Paulina was the daughter of Aconius Catullinus Philomatius, a prominent aristocrat who held the offices of Praefectus urbi of Rome in 342-344 and was Consul in 349. In 344, Paulina married Vettius Agorius Praetextatus, a prominent exponent of the Roman senatorial aristocracy, an important imperial officer and a member of several pagan circles; Paulina was initiated into the Eleusinian mysteries and to the Lernian mysteries of Dionysus and Demeter, was devoted to several female deities, such as Ceres, Hecate (of whom she was hierophant), the Magna Mater (as a tauroboliata) and Isis.

Praetextatus and Paulina owned at least two houses. The first was on the Esquiline Hill, probably situated between via Merulana and  viale del Monte Oppio in Rome, where the modern Palazzo Brancaccio stands (). The garden around the palace, the so-called Horti Vettiani, extended to the modern Roma Termini railway station. Archaeological investigations in this area brought out several discoveries related to Praetextatus' family. Among them was the base of a statue dedicated to Coelia Concordia, one of the last Vestal Virgins, who had erected a statue in honour of Praetextatus after his death (384); in exchange for this honour Paulina dedicated a statue to Concordia. They also had a house on the Aventine Hill.

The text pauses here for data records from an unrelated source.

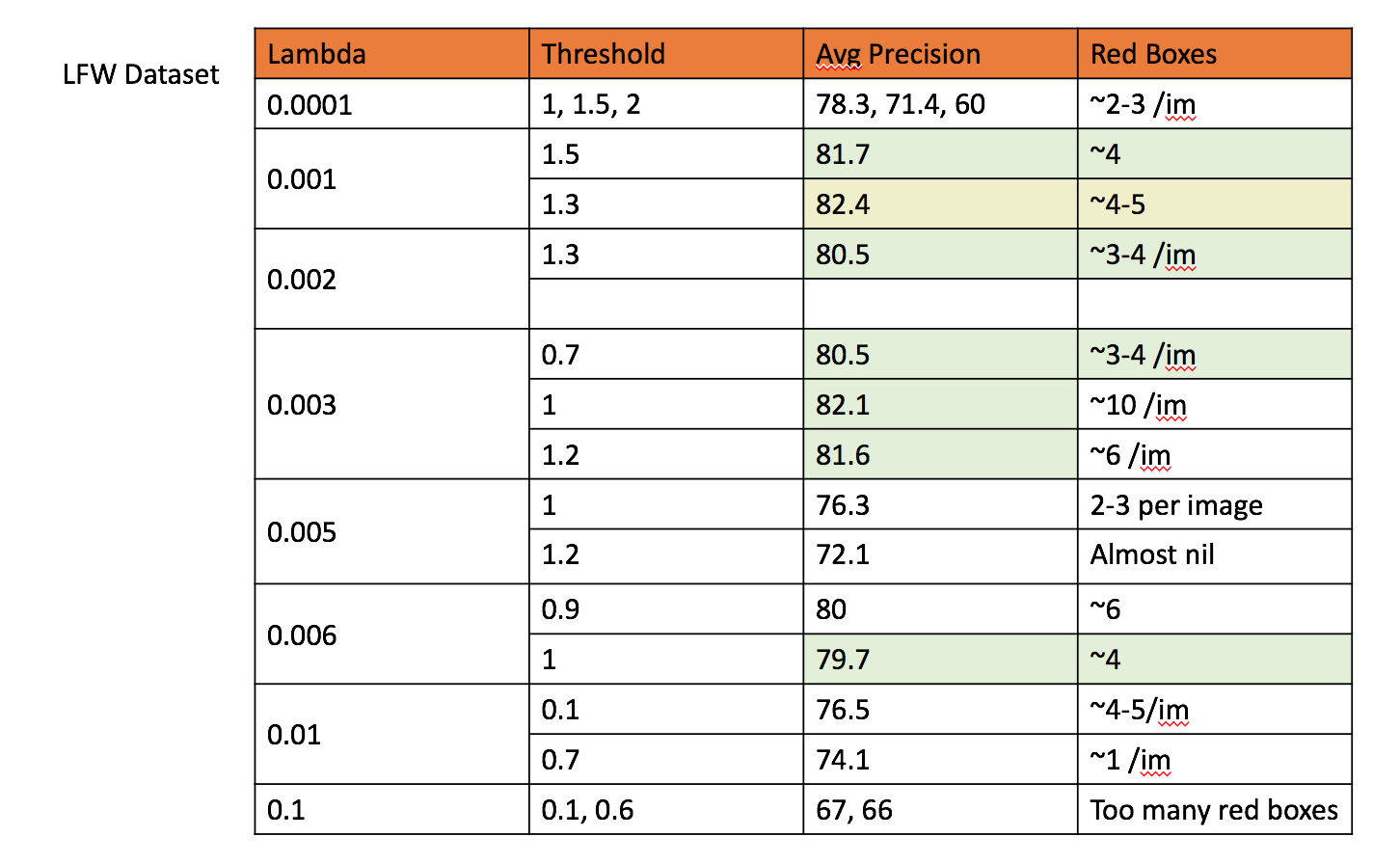 In an attempt to balance out the training dataset, we combined LFW dataset, along with hard mining. The time of execution was too high for this combination, with very low change is average precision, and the precision-recall curve was almost the same.
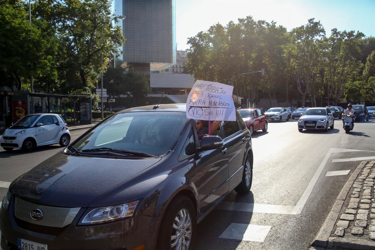 Asimismo, ha afirmado que con esta concentración protestan contra el Gobierno "que quiere mandar a 15.000 trabajadores a la ruina con el único objetivo de apoyar al monopolio del taxi". "Un Gobierno socialista apoyado por Podemos, que se supone que son gobiernos de izquierdas, ceden 15.000 familias para favorecer al monopolio del taxi", ha señalado.
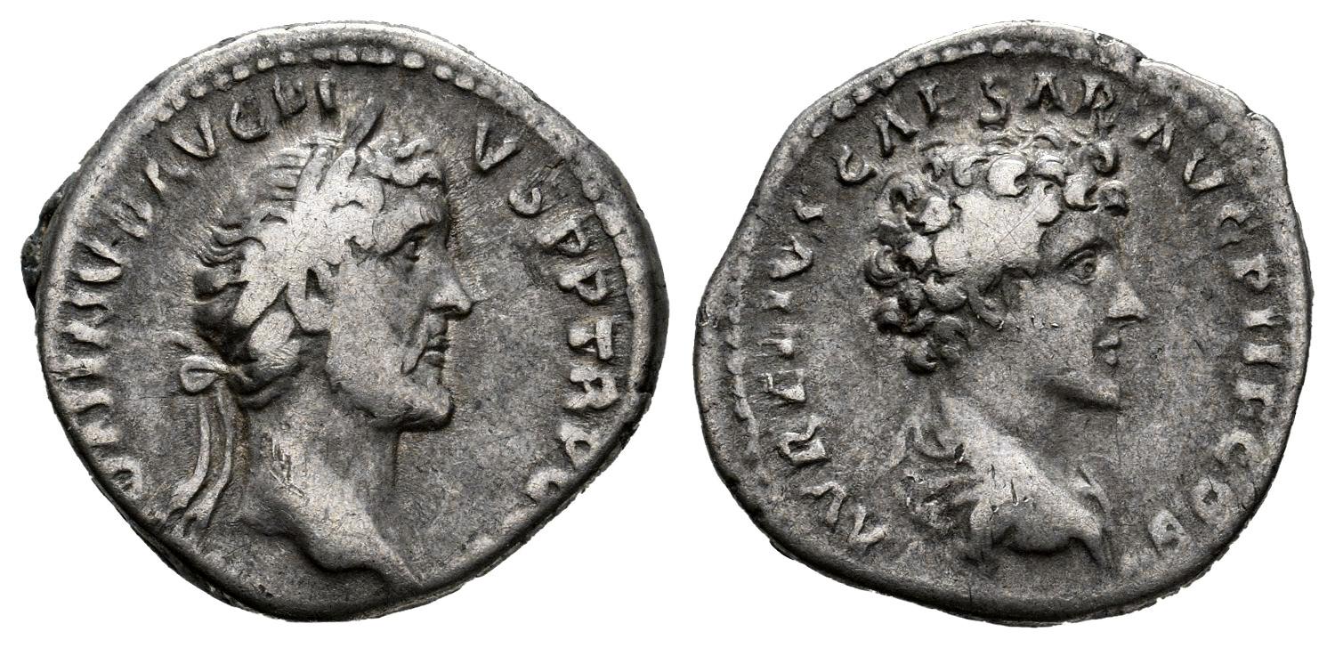 Antonino Pío y Marco Aurelio. Denario. 140 d.C. Roma. (Ric-III 417b). (Bmcre-160). (Rsc-22a). Anv.: ANTONINVS AVG PIVS P P TR P C(OS III). Cabeza laureada de Pío a la derecha. Rev.: AVRELIVS CAESAR AVG PII F COS. Busto de Aurelio con la cabeza desnuda y drapeado a la derecha. Ag. 3,39 g. MBC-. Est...80,00.
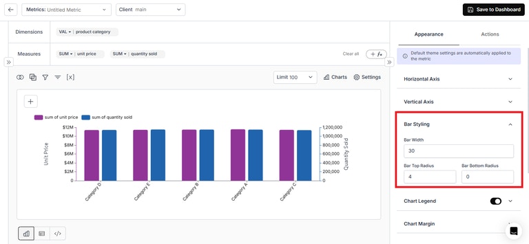 - Bar Top Radius – Round the top edges of bars for a softer, modern look
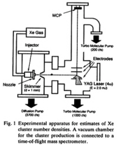 Fig.1に実験装置を示す。実験装置は希ガスクラスタを生成する超音速ジェット用とクラスタの質量数別スペクトルを測定する飛行時間分析用の2つの真空チャンバから成る。超音速ジェット用真空チャンバ内にはステンレス製コニカルノズル(口径0.3mm,半値閉口角45度)と自動車用燃料噴射装置を組み合わせた超音速ジェット装置を取り付けている。希ガスは4msの噴射時間のパルスジェットにより供給した。この噴射時間は真空ポンプの容量により制限されている。希ガスはキセノンガスを用いた。ノズルから噴射されたキセノンガスジェットは10mm下流のスキマー(口径1mm)を通して真空度10 -7Torrの飛行時間分析用真空チャンバ内(ジェット噴出時圧力10-5Torr)に導入した。この真空チャンバの中心に設置してある電極間において,キセノン原子及びクラスタはYAGレーザーの4倍高調波(波長266nm,エネルギー2mJ)によって3光子電離し,イオン信号を飛行管上部に設置したマイクロチャネルプレート(MCP)によって検出した。Fig.2はMCPからの信号強度の時間依存性である。横軸は飛行時間で質量数に対応し,縦軸はイオン信号強度に比例する。Fig.2よりn=8までのクラスタが生成し,その大部分はXe2であることが確認された。
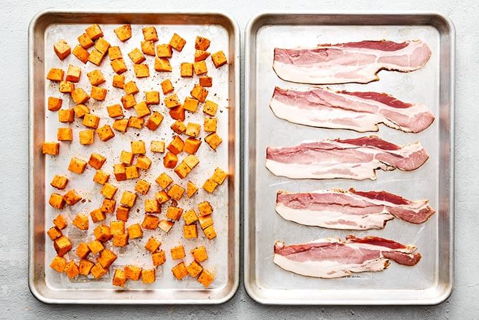 Bake the bacon and sweet potatoes. On another sheet pan, add slices of bacon. Then place both the sweet potato and bacon in the oven and cook for 15 to 20 minutes, or until the bacon is crispy. The bacon will be done first, so keep an eye on it and remove it from the oven when it's done, then place it on a paper towel-lined plate. Stir the sweet potato and continue cooking it for another 15 minutes.

On the base of the funerary monument to Pratextatus, Paulina had a poem composed by herself inscribed, which celebrated her husband and their love, a poem probably derived by the oration read by Paulina at her husband's funeral. This poem is cited by Jerome in a letter in which he mocks Praetextatus, claiming he was not in paradise but in hell.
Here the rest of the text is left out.